Amazon May Get Its First Labor Union in the U.S.

Technicians in Delaware will vote on whether to organize
Employees work on the inbound line at the Amazon fulfillment center in Phoenix on Dec. 2 Photograph by David Paul Morris/Bloomberg’s labor problems have mostly been confined to the online retailer’s warehouses in countries such as Germany—until now. For the first time, employees in a U.S. Amazon facility have successfully petitioned the National Labor Relations Board to hold union elections.

On Dec. 6, the International Association of Machinists and Aerospace Workers (IAMAW), a trade union of the AFL-CIO, filed a union election petition with the National Labor Relations Board on behalf of 30 equipment maintenance and repair technicians working at the year-old Amazon fulfillment center in Middletown, Del. The fact that the petition was filed suggests, according to the union, that it has interest from at least a majority of those 30 workers, who are seeking to vote on whether to hold elections to establish a union.

According to John Carr, a spokesman for the IAMAW, Amazon and the union have now reached an agreement to go forward with this election. It will be held on Jan. 15 in a conference room at the Delaware facility; only members of the group of 30 technicians will be allowed to vote. The vast majority of workers at the year-old facility—more than 1,500 pickers and packers who move products from shelves into boxes and trucks—will not vote, nor will they be covered by the union if the technicians vote to form a collective bargaining group.

Amazon has successfully fought such efforts in the U.S. for years. In 2000, workers at a customer service call center in Seattle lobbied to form a union and met with stiff resistance from the company. Amazon ultimately closed the facility during a broader retrenchment during the dot-com bust. In cases over the years where labor organizers passed out union literature outside Amazon facilities and tried to foment union activity, Amazon managers have reacted swiftly, meeting with workers and explaining the company’s strong opposition to organized labor.

“We respect the individual rights of our associates and have an open-door policy that allows and encourages associates to bring their comments, questions, and concerns directly to their management teams,” said Mary Osako, an Amazon spokesperson. “We firmly believe this direct connection is the most effective way to understand and respond to the needs of our workforce and do not believe there is a need for third-party representation. Amazon’s culture and business model are based on rapid innovation, flexibility, and open lines of direct communication between managers and associates.”

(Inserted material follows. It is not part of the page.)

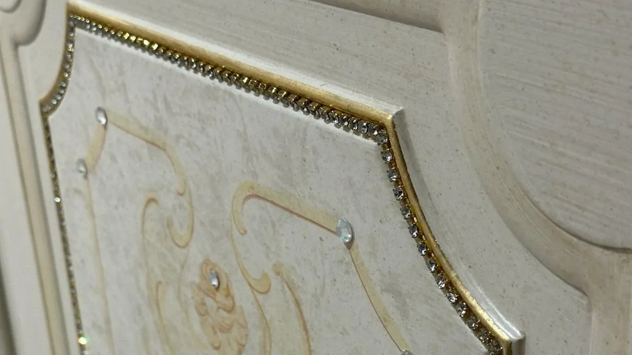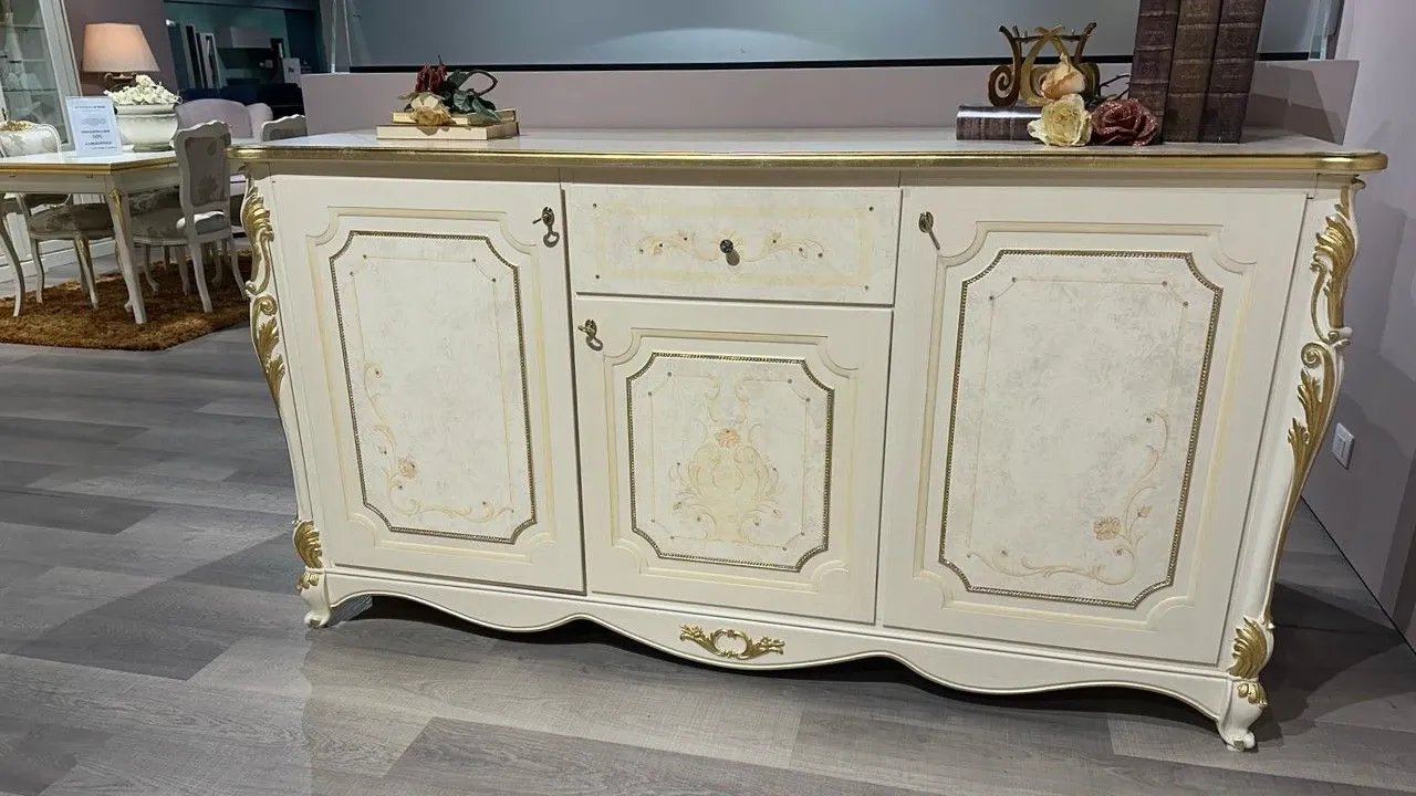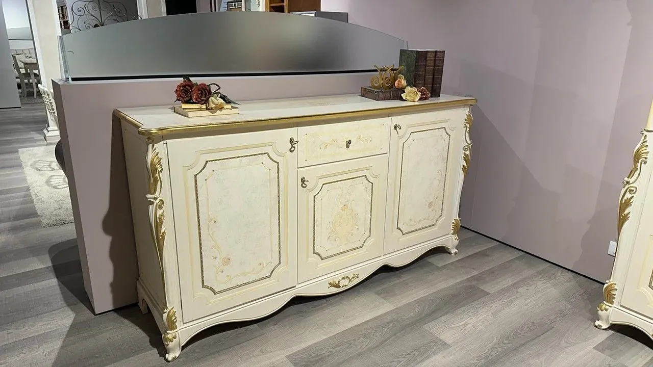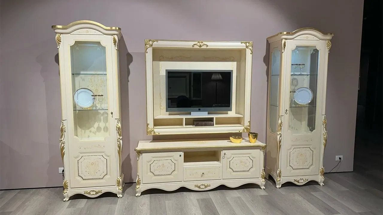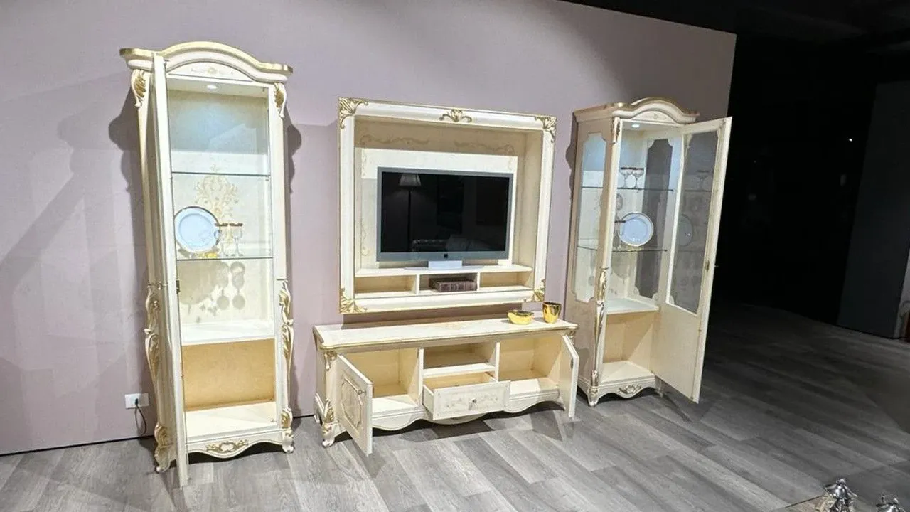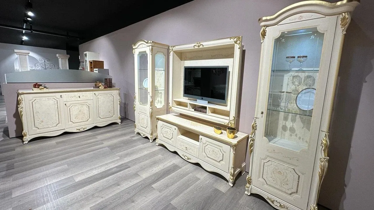 Sala classica patinata avorio con catenina swarovski con punti luce incastonati e decori realizzati a mano composta da vetrine laterali. Credenza bassa e porta Tv a muro.

Amazon is facing a small but growing drumbeat of dissatisfaction in its sprawling network of 96 centers around the world. Workers in Germany have gone on strike several times this year, and this week organized demonstrations outside Amazon’s Seattle headquarters, though they have had more success garnering headlines than slowing down Amazon’s operations during the holiday season. Critical articles about the pace, pay, and quality of work in Amazon’s fulfillment centers have also appeared in outlets such as Mother Jones, the Guardian, and the BBC.

Over the next month, the battle in Middletown is likely to be hard-fought. Amazon has hired the services of law firm Morgan, Lewis & Bockius to aid it in the matter. Outside law firms typically help companies wage their election campaigns and make the case to employees why they are better off without union representation.

While the stakes appear small, the union says it’s a foot in the door at Amazon. “Can this turn into other locations, or more people in that location? That is certainly the interest for any labor organization,” Carr says. “I certainly imagine there’s an interest somewhere else in that particular facility, and if not, we hope to stimulate some.”


    The bottom line: In a first, Amazon workers have successfully petitioned the National Labor Relations Board to hold a union election.